「MDM」はMobile Device Managementの略称で、文字通り「モバイルデバイスを管理する」サービスです。スマートフォンに限らず、タブレットやパソコンといったモバイルデバイス全般の管理に利用します。

移動中にもメール確認や電話、ファイル編集などの作業を行えることから、業務用デバイスを従業員に支給する企業が増えています。しかし、社外で仕事ができる利便性の裏にはデバイス紛失・盗難による情報漏えいといったリスクがあります。そうしたリスク対策の一つとしてMDMが存在するのです。

MDMの役割とは?

近年、さまざまなMDM製品が登場していますが、どの製品にも採用されている基本機能として「情報取得」「紛失時対応」「不正利用防止」の3点が挙げられます。

まず「情報取得」は、デバイスの電話番号やシリアル番号、IMEIといったさまざまな情報が取得可能となります。取得した情報に加え、デバイスごとに氏名や部署名などを入力して管理することで、「誰がどのデバイスを使用しているか」を一目で把握できるのです。基本的にデバイス側の管理アプリと管理者側のMDMが常に通信しており、電源オン・オフの状態から位置情報まで、詳細なデータをリアルタイムで確認可能です。

続く「紛失時対応」は、悪意のある第三者によってデバイスが悪用されることを防ぎます。「ワイプ(デバイス内のデータを消去し、初期化する)」や「ロック(デバイスにロックをかけ、使用できなくする)」のリクエストをMDMから送りますが、電源オフの時はどうなるのでしょうか? 電源オフに限らず、通信エラーなどによってMDMと通信ができていなかった場合でも、ワイプやロックのリクエストは残り続けるため、電源オンになったタイミングでワイプやロックが実施されるため、安心です。

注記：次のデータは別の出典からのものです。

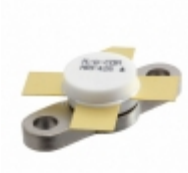
MRF455 M/A-Com Technology Solutions TRANS RF NPN 18V 15A 211-07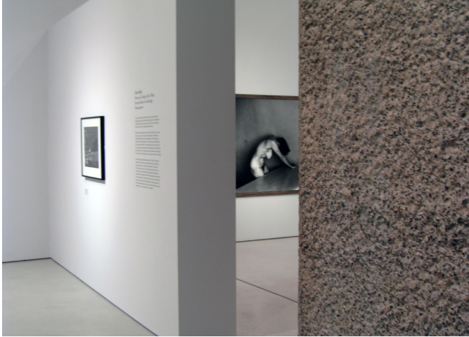
In the Face of History

最後の「不正利用防止」は、デバイスの一部機能を停止/禁止できます。例えば、企業によっては「機密情報を扱う現場でカメラの使用を禁止したい」「業務用デバイスを私的利用してほしくないから、アプリのインストールを禁止したい」といったニーズがあります。こうした「カメラ機能の使用禁止」「ストアアプリの使用禁止」といった項目設定によって、企業が求めるデバイス環境を構築できるのです。下記の画像はiOSデバイスのケースですが、アイコンが消滅してアプリが利用できなくなっていることがわかります。

機能制限適用時の挙動

MDMの仕組み

「MDMという言葉は聞いたことがある」という方でも、MDMの仕組みをご存じない方が多いかもしれません。MDMは、管理者が管理サーバーに制御指示を送って、その指示を管理サーバーがデバイスに適用させ、デバイスに指示が届いています。この時、iOSデバイスの場合はApple Push Notification Service (APNs)、Androidデバイスの場合はGoogle Cloud Messaging (GCM)というサーバーを経由しています。これらは管理サーバーから指示を受け取って指示を受け取るデバイスを呼び出しつつ、管理サーバーへアクセスするようにデバイスへ指示して、制御を実行します。APNsやGCMは、常にデバイスの識別情報を保持しており、管理サーバーからの指示に対応します。下記の画像では、MDMの通信の流れを示しています。

MDMの通信の流れ

iOSとAndroidの違い

細かいポイントではありますが、iOSとAndroidではMDMの制御方法が異なります。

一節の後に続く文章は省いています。